Speaker
Description
Jets from stellar mass black holes in X-ray binaries (XRBs) and supermassive black holes in blazars provide distinct opportunities to study the jets of black holes across two different mass regimes. They also represent samples with very different selection effects. Historically, the apparent speeds of XRB jets have been observed to be lower than those of blazars, leading to the assumption that this reflects the underlying distributions of Lorentz factors, i.e. stellar mass black holes produce slower jets. In this talk, I will present our detailed modelling of the parent population for large-scale XRB jets, which accounts for the selection effects present in the observed sample. Using nested sampling, we determined that the Lorentz factors of the parent population of XRBs are best described by a power law with a slope of $b = 3.01_{-1.23}^{+0.89}$, the same form of model which has been historically applied to blazar jets.

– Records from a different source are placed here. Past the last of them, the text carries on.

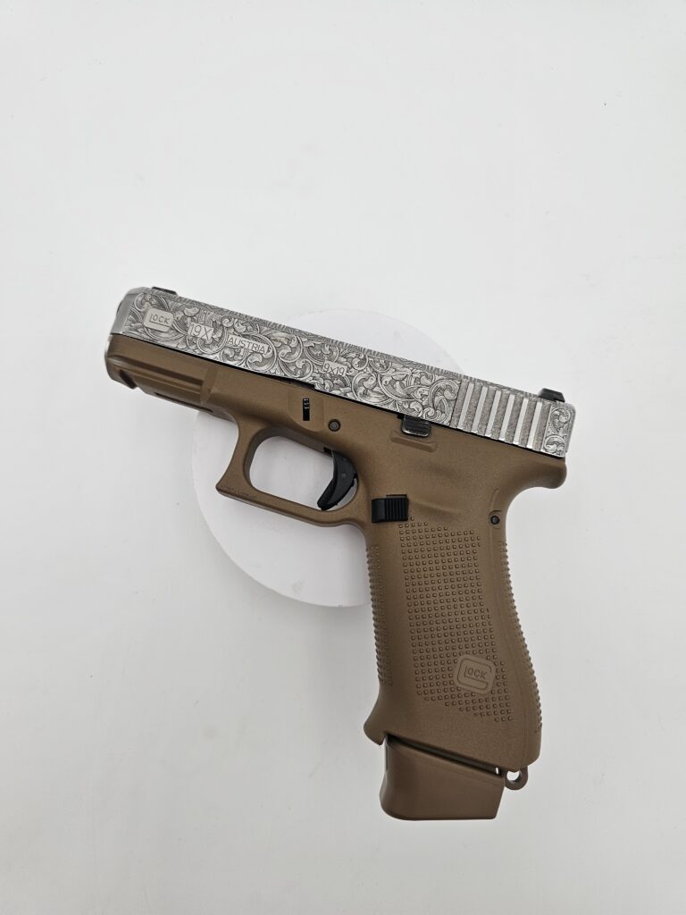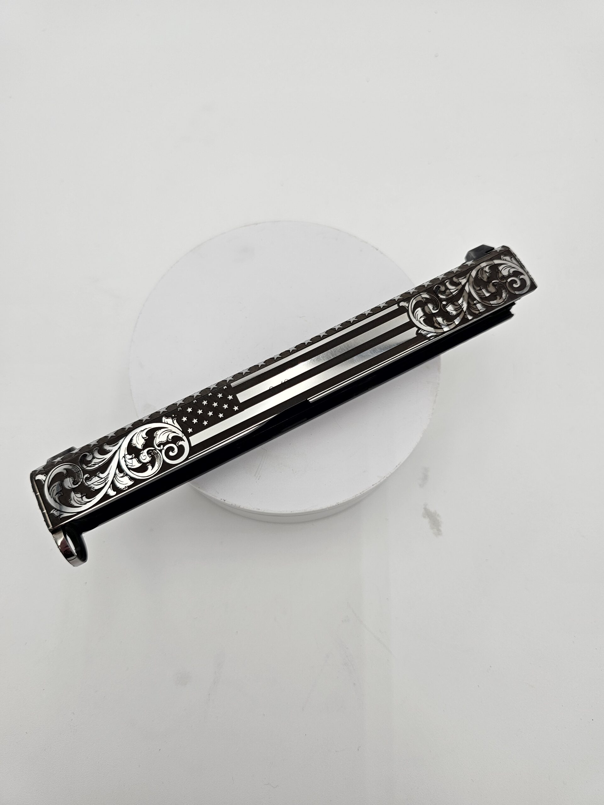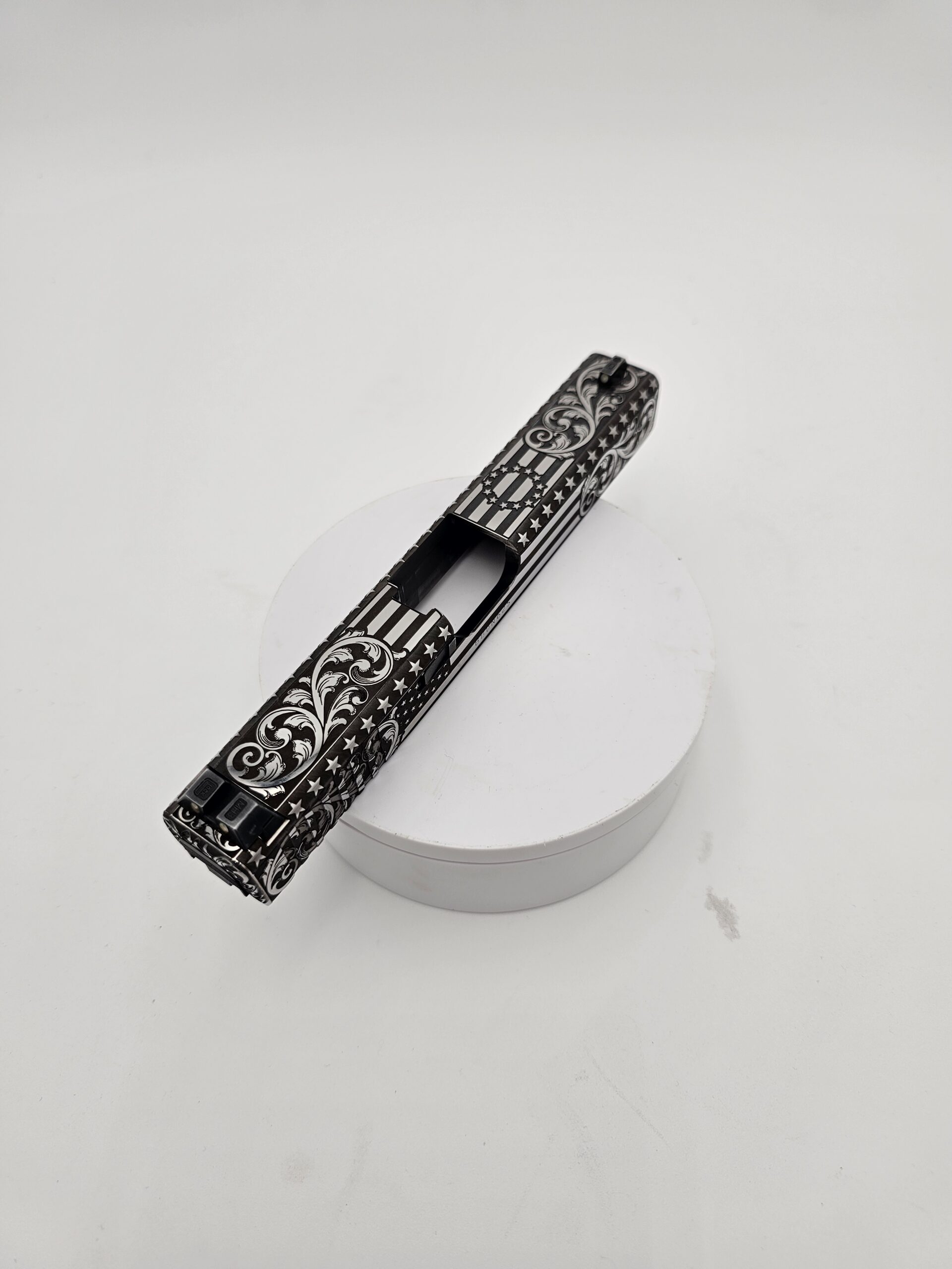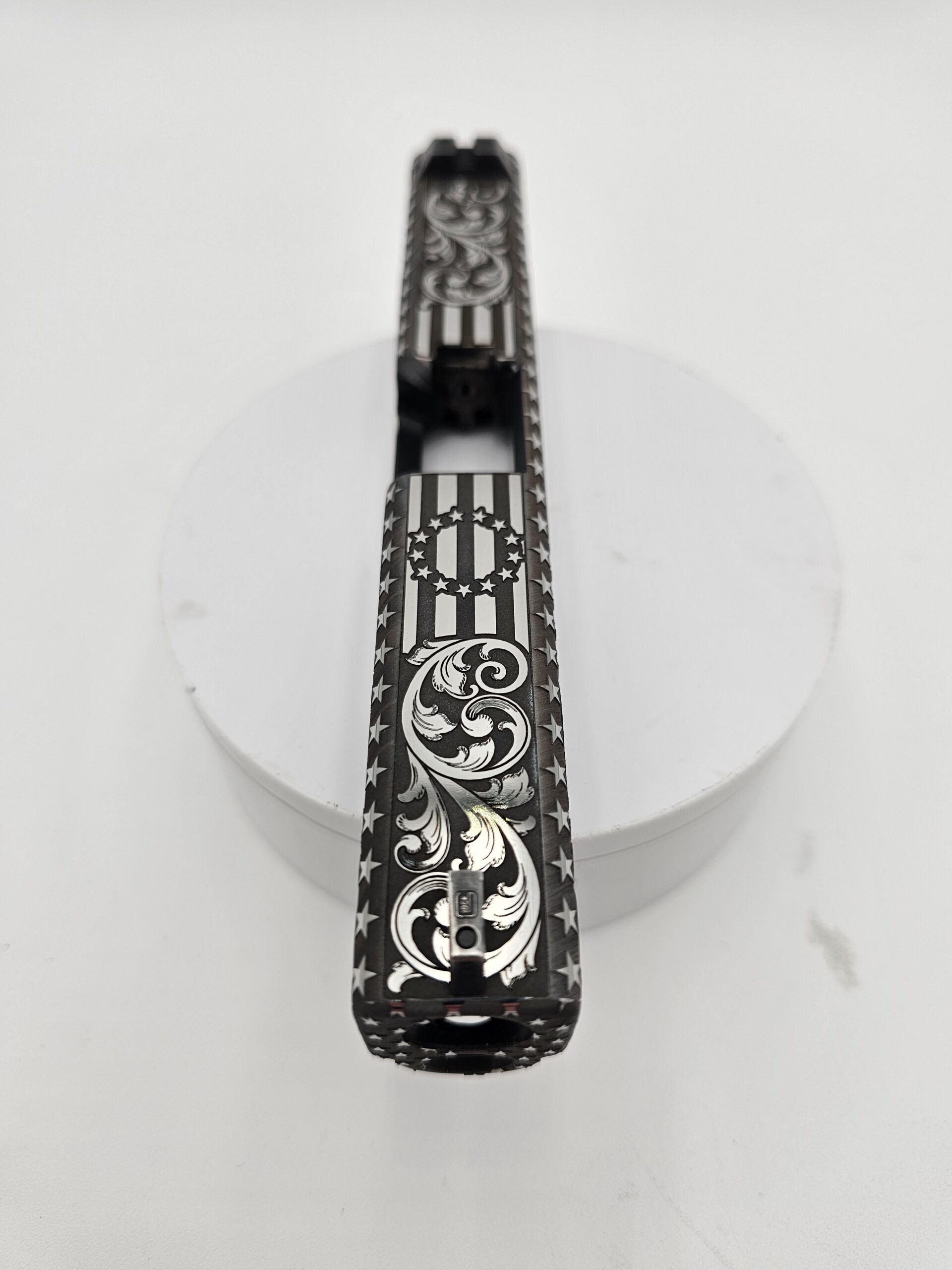 Full-coverage laser engraving on pistol slides. Patriotic patterns, geometric designs, scrollwork, and fully custom artwork — engraved with precision on any metal surface.
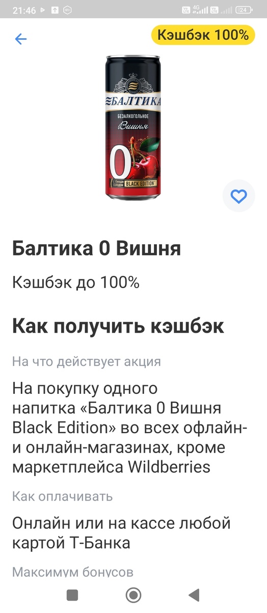 Привет, друзья ! Производители различных товаров просто спят и видят как бы раскрутить нас на покупку того, что нам не надо или без чего мы вполне можем обойтись. Уж на что я равнодушна к спонтанным покупкам, но вот не удержалась, увидев предложения о "💯 %-м кешбеке". В чем была моя ошибка? В том, что я плохо условия акции прочла. Написано же было "на покупку одного напитка", я же потянулась и купила 2е , хотя мне и одной то не надо было😁😍😍 Потратила на 2 банки 142 рубля, и это при том, что вообще не пью все эти лимонады. Но тут же сладкое слово "халява".😁😁😁 Пришла домой, попробовали- это простой лимонад с вишнёвым вкусом. Пена как у пива, вкус как у вишнёвого сока. И настолько сладко, что аж зубы сводит. Стала я пробовать вернуть кешбек. Сначала не получилось подгрузить чек в Т-банк. Потом все же получилось. Вернули мне 60 рублей. И все равно не 100% вернули, даже одна банка бесплатной не оказалась, а у меня ещё вторая теперь стоит, которую я от жадности купила😁😁😁 Короче
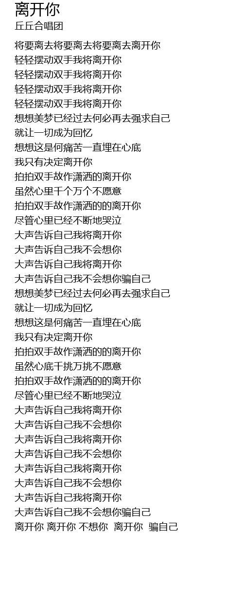 | [02:44.94] | 离开你 离开你 不想你 离开你 骗自己 |
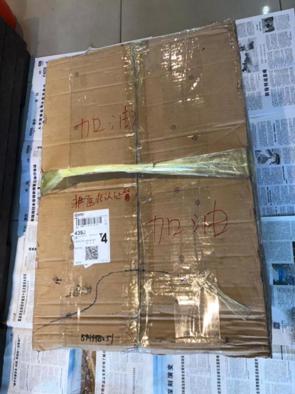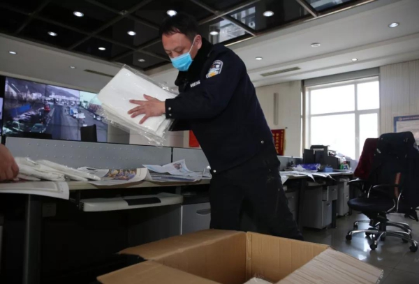 指挥中心民警很快将快递箱取回了指挥大厅。值班民警七嘴八舌地上前围观,只见箱子外用红色油性笔写着“加油”,没有寄件人信息,箱子拆开后,里面是一个个白色的、雨衣样的物品:是防护服,一共40件。
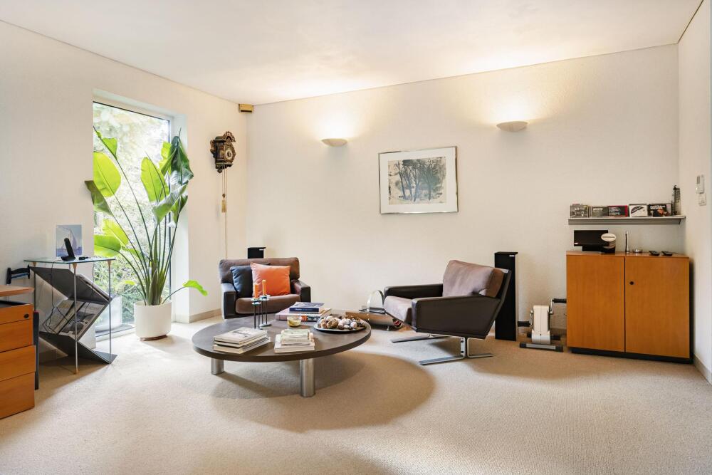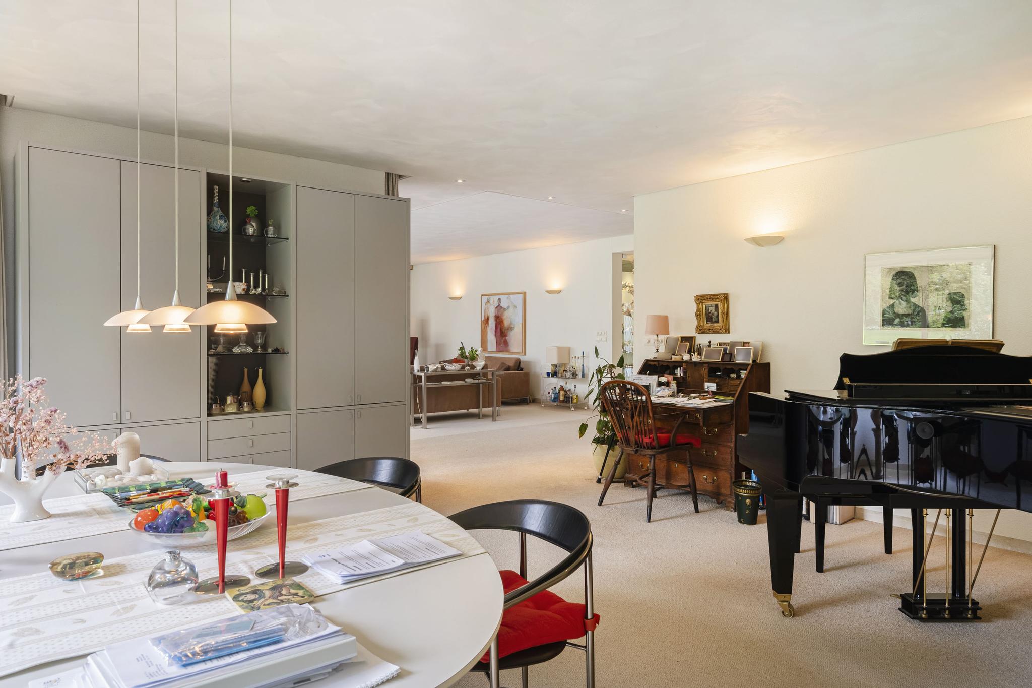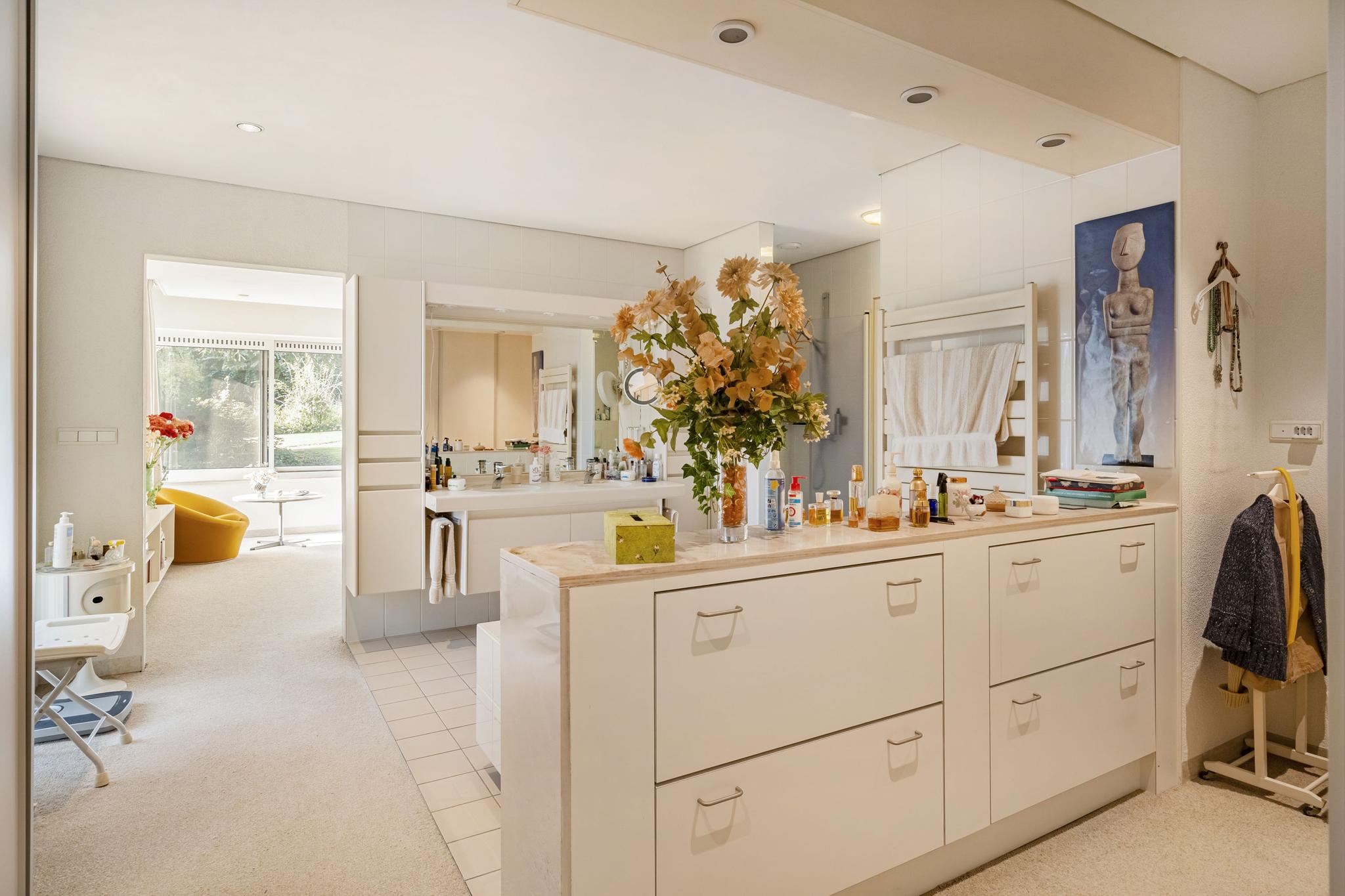 Продуманная планировка включает большую гостиную, столовую с видом на сад, кабинет, а также кухню открытой планировки, смежную с хозяйственным помещением и скрытым грузовым подъемником (дамбвейтером). Элегантные раздвижные двери обеспечивают идеальный баланс между открытостью и приватностью. Крытый бассейн с противотоком и раздвижными дверями в сад определяет домашний стандарт велнеса. Главная спальня оснащена кондиционером и имеет прямой выход в сад, а две ванные комнаты предлагают как ванну, так и душевую кабину.

We can reject several other potential Lorentz factor distributions, such as Gaussian and Exponential distributions, using Bayes factors. When comparing our findings to the parent Lorentz distributions of Blazar jets documented in the literature, it is notable that we cannot rule out the possibility that both XRBs and Blazar jets share the same parent population Lorentz factor distribution. In other words, based on kinematics alone, jets from stellar mass black holes are consistent with being just as relativistic as those from supermassive black holes.